The Research behind Dual Thinking

Since 2010, we have interviewed over 2.5000 people in Germany and the United States (IQudo Ideation Study II, New York / San Francisco, 2015) about what drives their creativity on the job. In our latest IQudo Ideation Survey III (2016), at the Mercedes-Benz Technology Center (MTC) we found that 37 percent of the 155 engineers have their best ideas on the job. The study had been conducted by Tobias Kind at the renowned KIT-EnTechnon in Karlsruhe.


People having their best ideas at work

56 engineers

Group B / Job-Inspired

People NOT having their best ideas at work

96 Engineers
Group A / Job-Uninspired

Key Findings of our Research

IQudo Ideation Study III (KIT/Mercedes-Benz, 2016)

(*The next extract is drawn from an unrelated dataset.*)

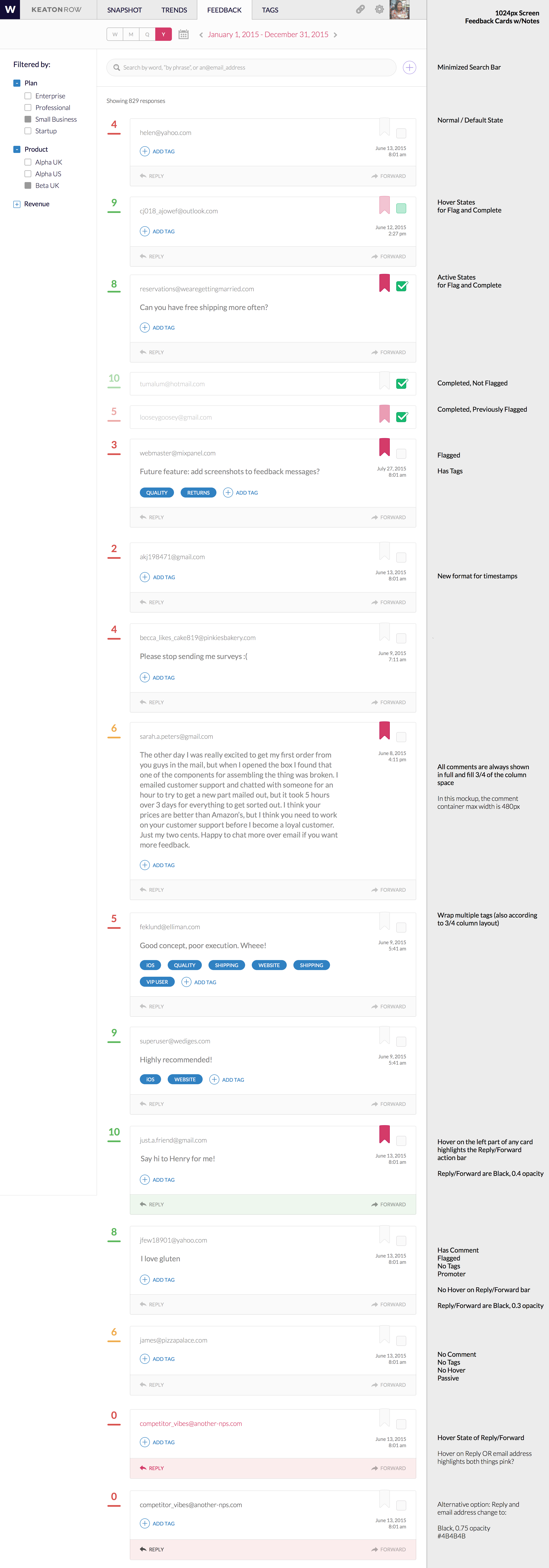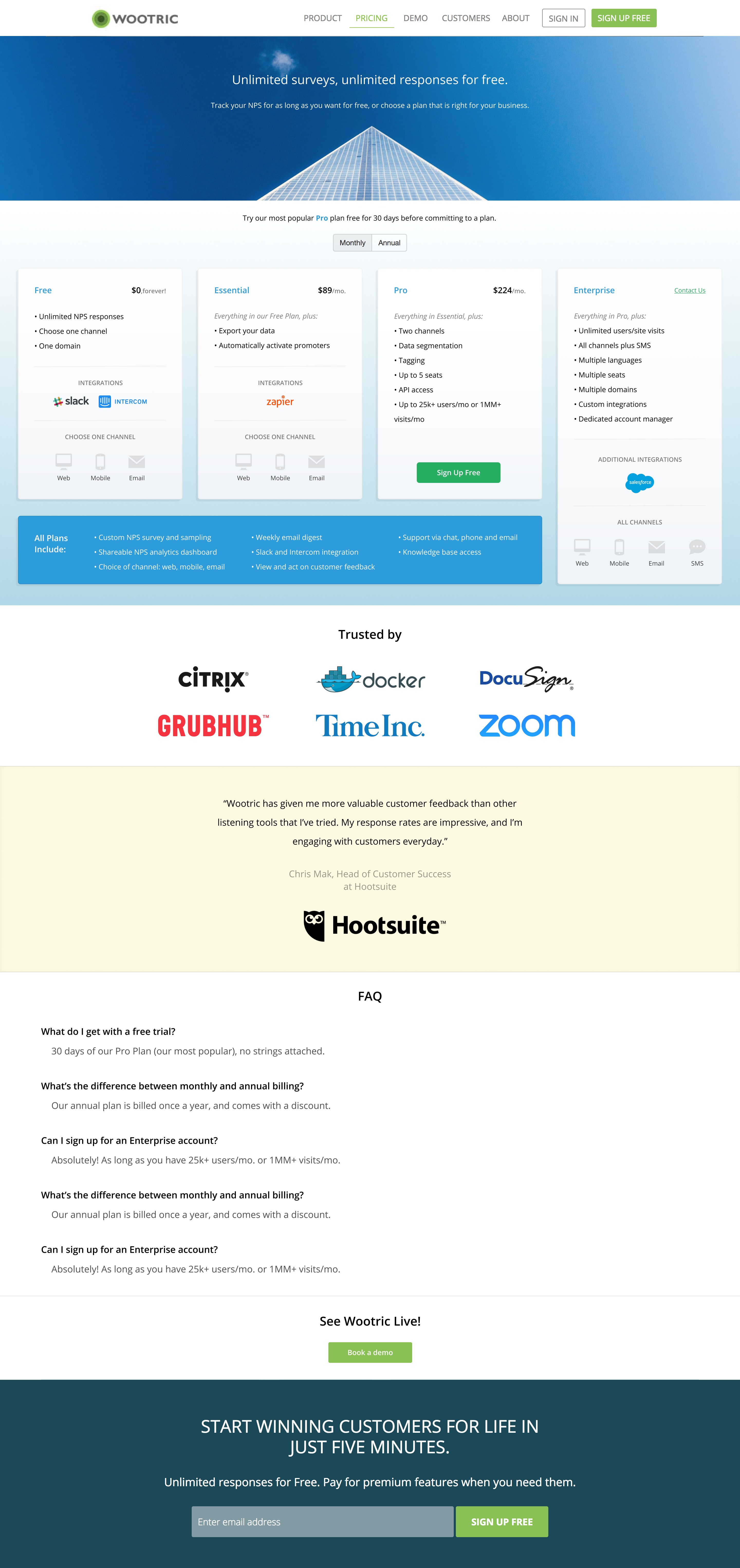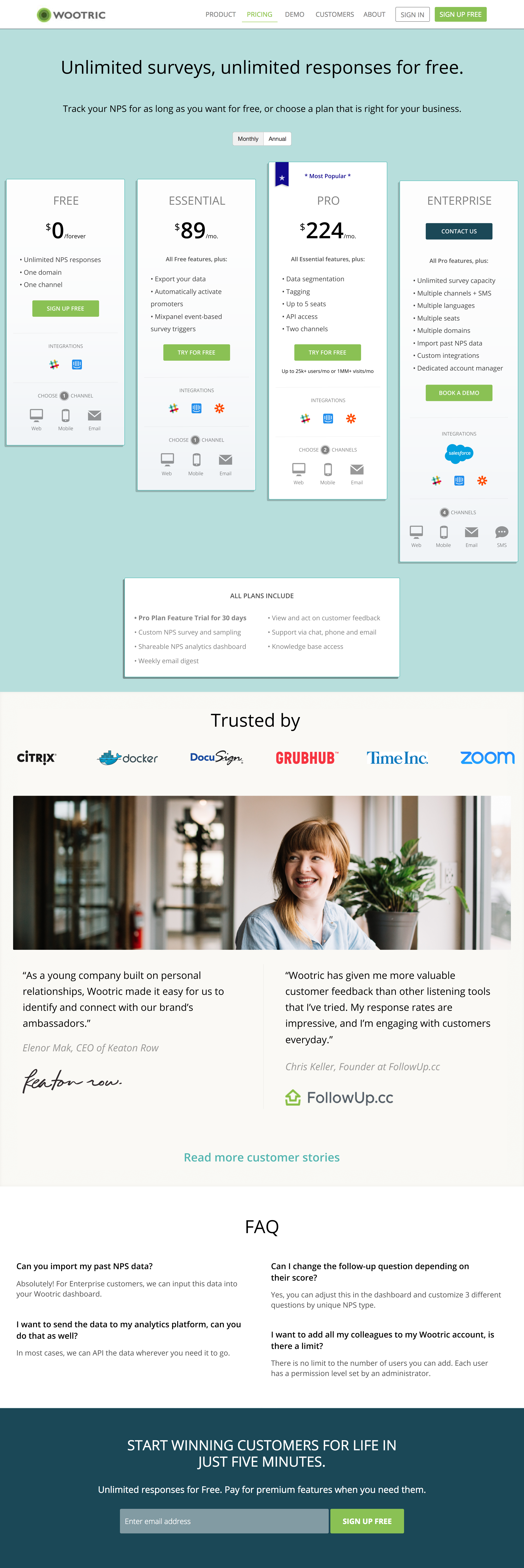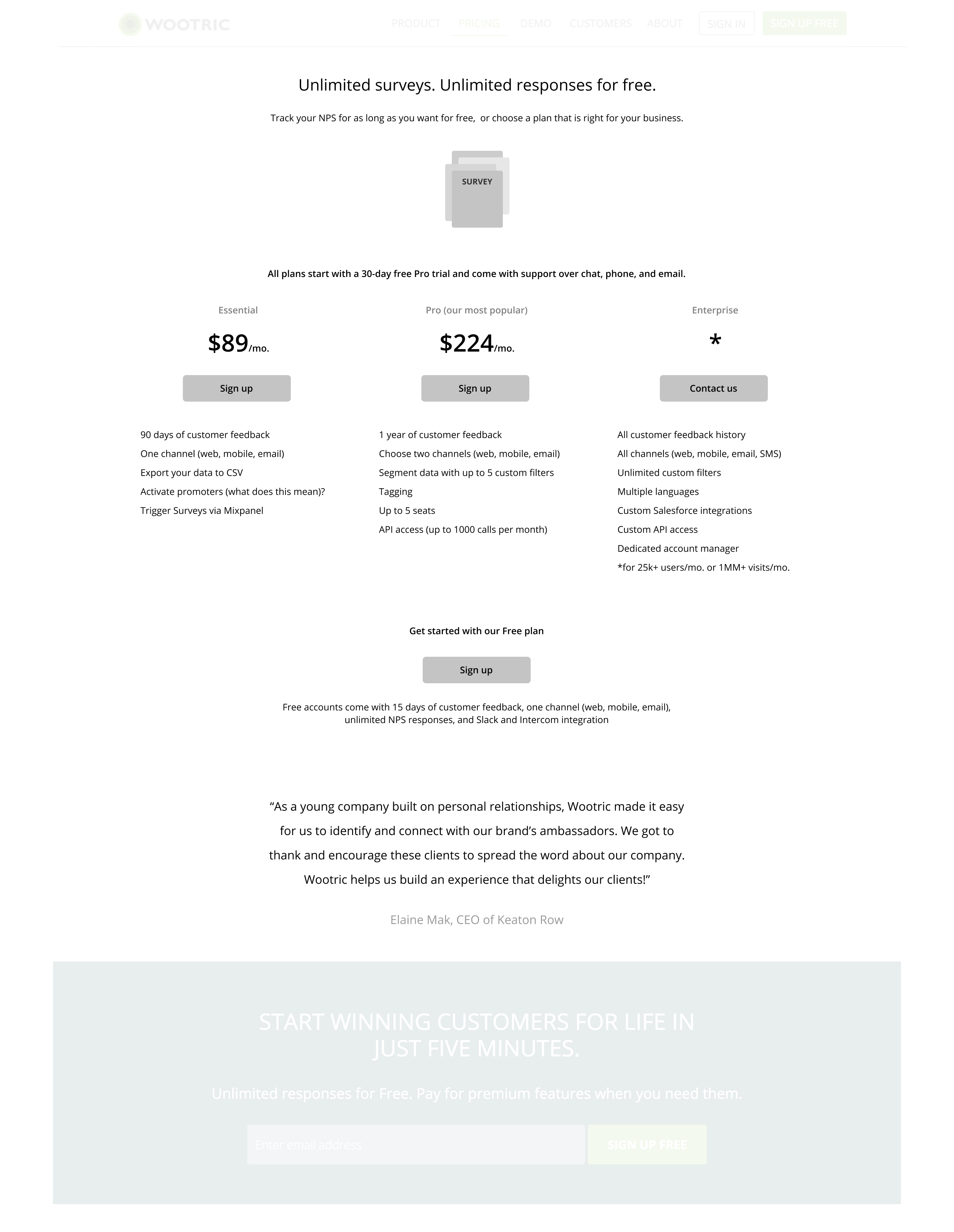 In Dec 2016 / Jan 2017 I contracted with Wootric for a small project to redesign their pricing page. Here are some of my iterations, including a link to the pricing page in production at the end! As of this date (Feb 2019) it's still the way I'd designed and built it.

The IQudo Ideation Study III found that PASSION is the #1 reason for on-the-job creativity. 55 percent of the Mercedes-Benz engineers cited "love for the job" as the number one reason for their on-the-job creativity. What further drove the resourcefulness of the engineers was the inspiration between the co-workers (51%), plus the fact that creativity was required by the management (50%).

Surprisingly, for most of the job inspired engineers, time plays a minor role; "Time to ponder" came in sixth place only (10%). (Multiple answers possible.)

The survey results show that for innovation to thrive leaders need to ignite the passion within their employees, foster collaborative relationships, and demand creativity.

Out of these results, we developed Dual Thinking. The new method can equally be applied to finding a corporate vision, fostering a start-up mentality as well as developing creative solutions and business models.









The Evolution of Dual Thinking

We have identified three main types of innovation approaches:

Innovation out of Passion finds the solution to a problem out of the intrinsic motivation of the developer. Great inventors like Thomas Edison for instance, were passionate about innovating. Criticism: In this digital age, the self-centered focus is prone to not meeting the needs of users.

Design Thinking finds a solution by observing the user. The key focus here is Empathy. Great examples of Design Thinking are websites like Amazon. Criticism: This one-sided focus on the user carries within the danger of not following one's own passion. Generations Y and Z in particular aim to follow their passion.

Dual Thinking seeks a solution based on the developer's desires as well as the wants and needs of the user. Dual Thinking combines two characteristics: passion and empathy. Therefore, a great idea is to be found in the space between the developer and the user. A conclusion worth pausing over. This dual approach fosters job- and user satisfaction.